The Sixth Circuit’s decision on the question of procedural default rests on an erroneous premise and must therefore be vacated.
I also agree with the Court that we should not affirm the decision below on the ground that the Brady claim lacks substantive merit. After its erroneous discussion of procedural default, the Sixth Circuit went on to discuss the merits of petitioner’s Brady claim. In its 2001 opinion, the Court of Appeals recognized that the prosecution’s Brady obligation extends not only to evidence that is material to guilt but also to evidence that is material to punishment. See Cone v. Bell, 243 F. 3d 961, 968 (2001) (citing Pennsylvania v. Ritchie, 480 U. S. 39, 57 (1987) ). But neither in that opinion nor in its 2006 opinion did the court address the materiality of the information in question here in relation to petitioner’s punishment. See 492 F. 3d, at 756 (“A review of the allegedly withheld documents shows that this evidence would not have overcome the overwhelming evidence of Cone’s guilt in committing a brutal double murder and the persuasive testimony that Cone was not under the influence of drugs” (emphasis added)). Therefore, despite the strength of the arguments in Justice Thomas’ dissent, I would leave that question to be decided by the Sixth Circuit on remand.

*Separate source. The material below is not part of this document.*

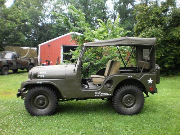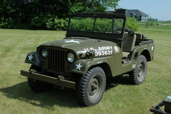 “I have a restored 1954 Willys M38A1 Military Jeep for sale. Delivered to the Army in February 1954. Runs excellent. Newly rebuilt fuel pump. Engine runs at a steady 50 pounds of pressure and purrs like a kitten. The body is 99% rust free and original. Has all 3 seats,top bows,still all 24 Volt electrical, correct gas tank, new canvas winter top,top bows,jerrycan,pintle hook, shovel,axe, new canvas seat cushions, parking brake works, transmission shifts great(very smooth),new clutch, transfer case works great as does the 4 wheel drive. Has 5 brand new(100 miles on them) Military NDCC tires, correct rims, has had all new brakes put on. New exhaust system. Windshield wipers and all lights work. Has 2 new 12 volt batteries. Just changed the oil and filter last night. INCLUDES a NON-FIRING(cannot be made to fire),display .30 Cal. M1919A4 machine gun, M31A1 mount.pintle,travel arm. Looks AWESOME when installed! This jeep runs great and goes down the road excellent. Very nice ride with top up or down! Here is a link to some of the work done on it”

The Court, however, does not simply vacate and remand to the Sixth Circuit but goes further.
First, the Court states without elaboration that petitioner “preserved and exhausted his Brady claim in the state court.” Ante, at 20. As I have explained, petitioner did not fairly present his Brady claim in his prior appeal to the Tennessee Court of Criminal Appeals, and therefore that claim is either unexhausted or procedurally barred. If the State is not now foreclosed from relying on the failure to exhaust, see 28 U. S. C. §2254(b)(3), or on procedural default,6 those questions may be decided on remand.

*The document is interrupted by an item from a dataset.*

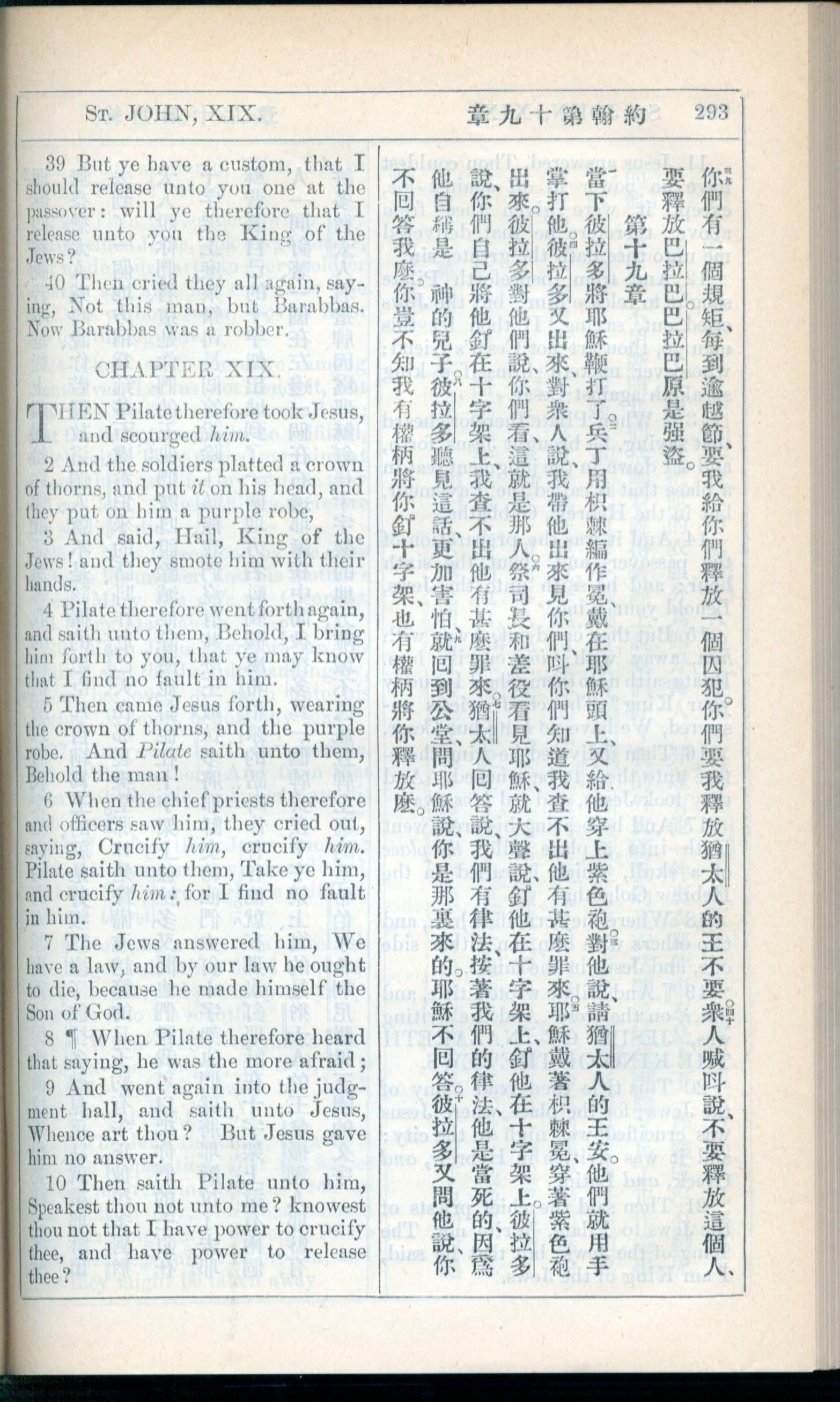 1908年新约全书(中西字) 约翰福音 18 章 39 节到 19 章 10 节

Second, the Court remands the case to the District Court rather than the Court of Appeals. A remand to the District Court would of course be necessary if petitioner were entitled to an evidentiary hearing, but the Court does not hold that an evidentiary hearing is either required or permitted. In my view, unless there is to be an evidentiary hearing, there is no reason to remand this case to the District Court. If the only purpose of remand is to require an evaluation of petitioner’s Brady claim in light of the present record, the District Court is not in a superior position to conduct such a review. And even if such a review is conducted in the first instance by the District Court, that court’s decision would be subject to de novo review in the Court of Appeals. 492 F. 3d, at 750; Cone v. Bell, 243 F. 3d, at 966–967 (CA6 2001); see United States v. Graham, 484 F. 3d 413 (CA6 2007); United States v. Miller, 161 F. 3d 977, 987 (CA6 1998); United States v. Phillip, 948 F. 2d 241, 250 (CA6 1991). Accordingly, I see no good reason for remanding to the District Court rather than the Court of Appeals. And if the majority has such a reason, it is one that it has chosen to keep to itself.
* * *
For these reasons, I would vacate the decision of the Court of Appeals and remand to that court.

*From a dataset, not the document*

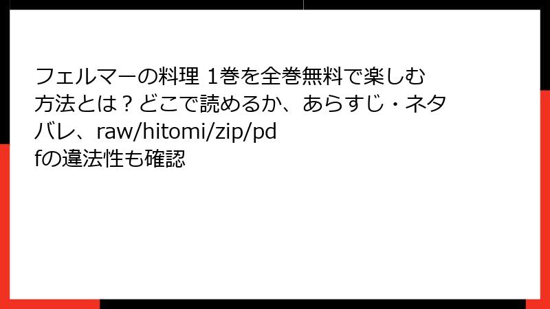 これらのリスクを避けるには、正規のプラットフォームで作品を楽しむのがベストです。海賊版の誘惑に負けず、法的・安全な方法を選べば、安心して「フェルマーの料理」を満喫できます。リスクを理解し、賢い選択を心がけましょう。

1 Because the Tennessee Supreme Court denied discretionary review of the decision of the Tennessee Court of Criminal Appeals decision affirming the denial of petitioner’s second amended petition for postconviction relief, we must look to the decision of the latter court to determine if the decision below was based on an adequate and independent state ground. See Baldwin v. Reese, 541 U. S. 27, 30–32 (2004) ; O’Sullivan v. Boerckel, 526 U. S. 838, 842–843 (1999) .
3 Tennessee law has since changed. Currently, the Tennessee Post-Conviction Procedure Act bars any second postconviction petition, see Tenn. Code Ann. §40–30–102 (2006), and permits the reopening of a petition only under limited circumstances, §40–30–117. These restrictions apply to any petition filed after the enactment of the Post-Conviction Procedure Act, even if the conviction occurred long before.
4 After referring to a long list of claims (not including any claim for the failure to disclose exculpatory evidence), the reply brief states: “[I]t is clear that meritorious claims have been presented for adjudication. These claims have not been waived and a remand for a hearing is essential in order to enable Mr. Cone to present evidence and prove the factual allegations, including those relating to his claims of ineffective assistance of counsel, Petition ¶¶15, 16, 44, R–67, 71 and 141 and of the withholding of exculpatory evidence. Petition ¶41, R–139.” Reply Brief of Petitioner-Appellant in No. 02–C–01–9403–CR–0052, p. 5 (emphasis added) (hereinafter Reply Brief).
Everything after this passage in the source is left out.